=== Begin Enclosure ===

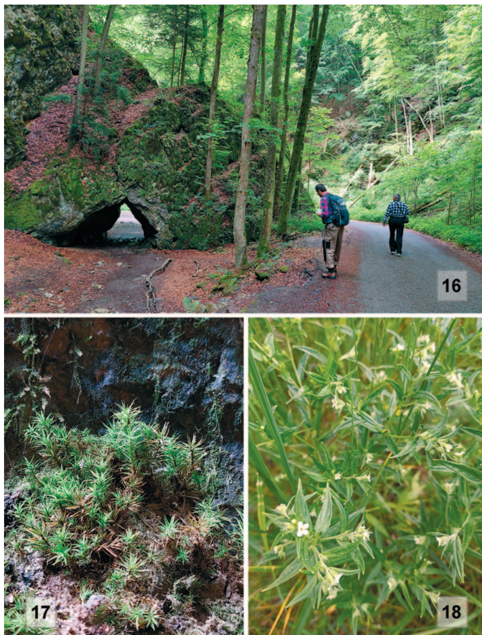
Obr. 16–18. 16. Místo nálezu Cololejeunea calcarea , Čertova branka v Pustém žlebu, lokalita č. 9. – A site of Cololejeunea calcarea , the Čertova branka in the Pustý žleb valley, locality no. 9. (Photo: J. Tkáčiková.); 17. Timmia bavarica na dně propasti Macocha, lokalita č. 12. – Timmia bavarica on the bottom of the Macocha abyss, locality no. 12. (Photo: J. Tkáčiková.); 18. Lithospermum officinale při cestě z Vilémovic k Macoše, lokalita č. 14. – Lithospermum officinale near the road from Vilémovice village to Macocha abbys, locality no. 14. (Photo: J. Tkáčiková.)
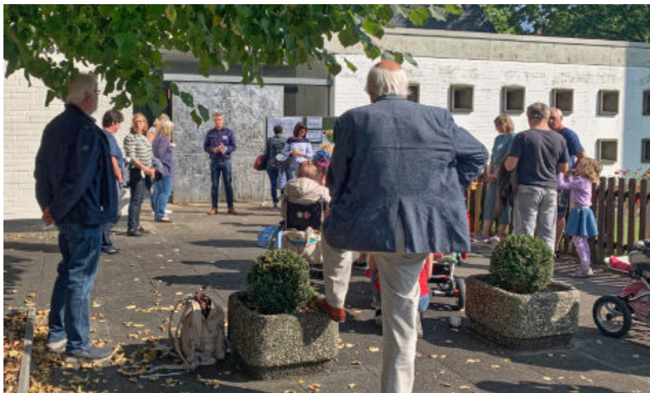
Mehr als 20 Männer, Frauen, Kinder und ein Hund begaben sich schon beim 1. Stadtteilrundgang im September 2021 auf Entdeckertour
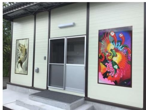
↑静養棟の壁にある絵は卒業生の作品です

3月に、寮の駐車場だった場所に静養棟が完成しました。これは、もともとある男女1室ずつしかない静養室不足を解消するために建てられたものです。現在室内を整備し、利用方法を検討しているところです。
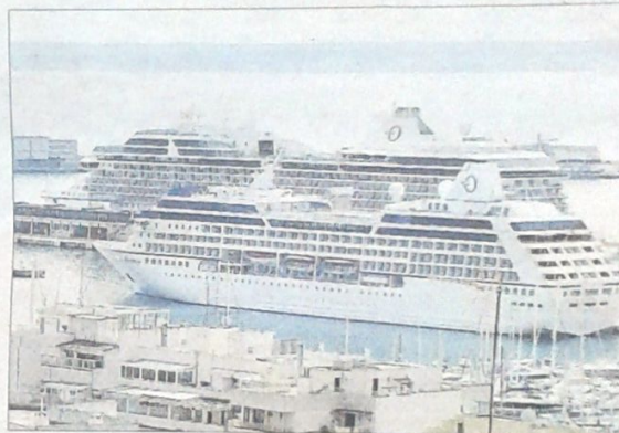
• R.D. Los cruceros de lujo 'Riviera' e 'Insignia', juntos en Palma el pasado viernes
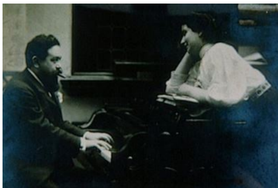
Isaac Albéniz con su hija Laura
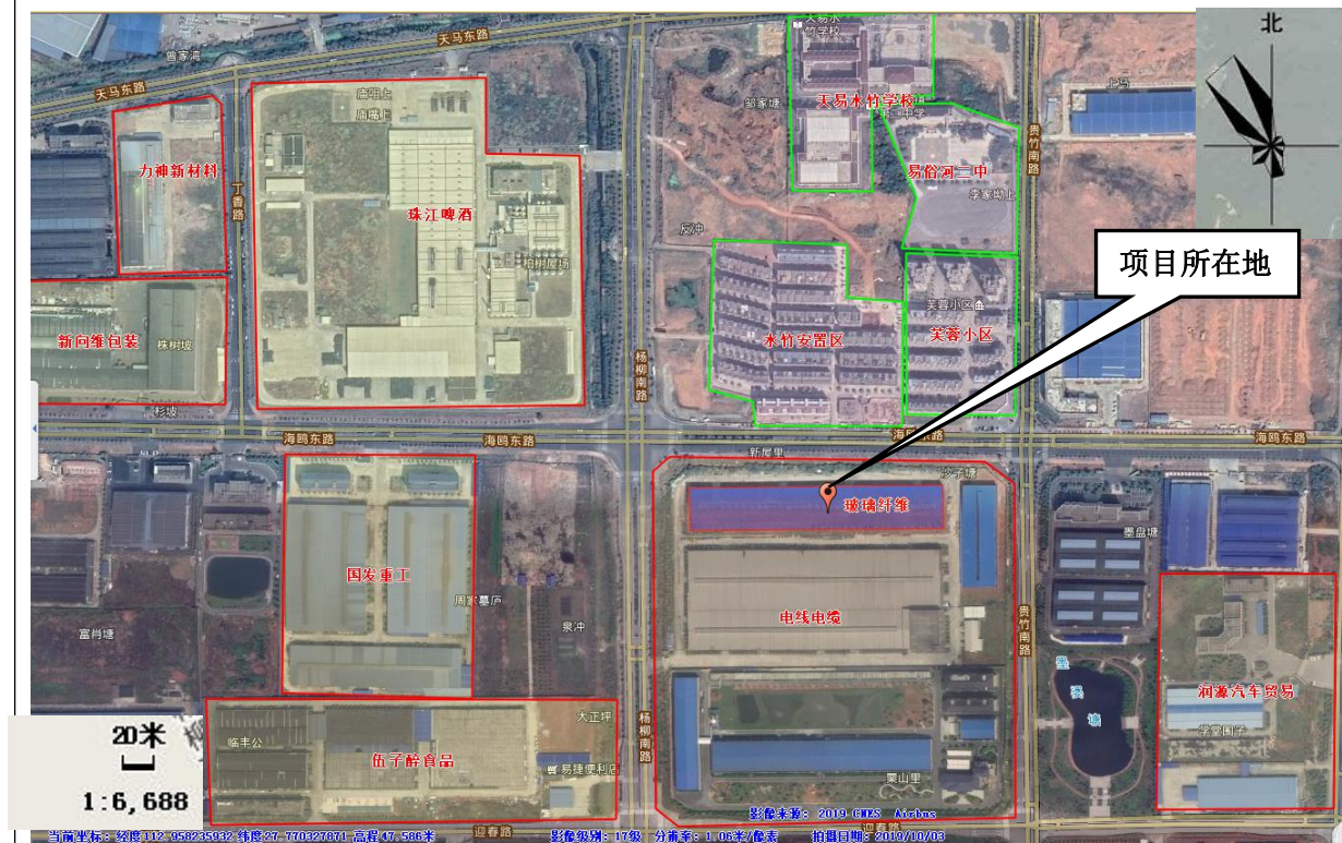
图 3-1 项目周边环境保护目标分布图
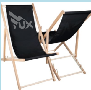
Możliwość druku z obydwu stron

=== End Enclosure ===

What is needed – Could you copy exactly, and with no pictures, the lines above from the one containing "Isaac Albéniz con su hija Laura" through the last line, both included?

Your solution –
Isaac Albéniz con su hija Laura
图 3-1 项目周边环境保护目标分布图
Możliwość druku z obydwu stron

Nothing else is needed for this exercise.